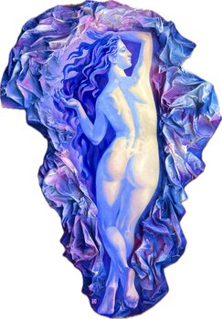 De “Maan” brengt een gevoel van vrouwelijke energie en harmonie over, verweven in de levendige golven van de natuur. De figuur, gehuld in vloeiende stromen, lijkt op te lossen in de vloeiende beweging van water en lucht, wat de verbinding van de mens met natuurlijke ritmes weerspiegelt. De plooien van de stof creëren dynamiek en benadrukken de zachtheid van vormen en de beweging van energieën, wat zowel ontspannend als stimulerend is.
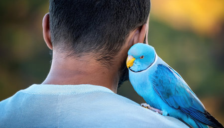 A colorful blue bird rests comfortably on a persons shoulder while they admire the outdoors.
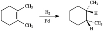 Refer to instructions. Since the two chlorine atoms add to opposite faces of the cyclohexene double bond, we say that the reaction occurs with:
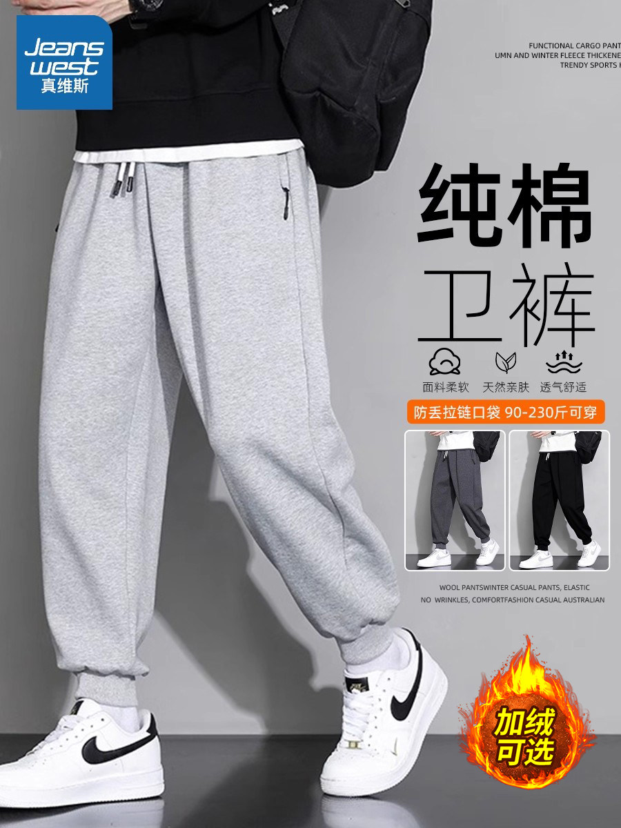 Jeanswest Men's Sweatpants Autumn and Winter 2025 New Pure Cotton Casual Fleece-Lined Thickened Jogger Pants Men's Clothing

·····

- _Instructions to follow_: The listing above is to be written out again exactly, with its pictures omitted.

- _Answer section_:
 De “Maan” brengt een gevoel van vrouwelijke energie en harmonie over, verweven in de levendige golven van de natuur. De figuur, gehuld in vloeiende stromen, lijkt op te lossen in de vloeiende beweging van water en lucht, wat de verbinding van de mens met natuurlijke ritmes weerspiegelt. De plooien van de stof creëren dynamiek en benadrukken de zachtheid van vormen en de beweging van energieën, wat zowel ontspannend als stimulerend is.
 A colorful blue bird rests comfortably on a persons shoulder while they admire the outdoors.
 Refer to instructions. Since the two chlorine atoms add to opposite faces of the cyclohexene double bond, we say that the reaction occurs with:
 Jeanswest Men's Sweatpants Autumn and Winter 2025 New Pure Cotton Casual Fleece-Lined Thickened Jogger Pants Men's Clothing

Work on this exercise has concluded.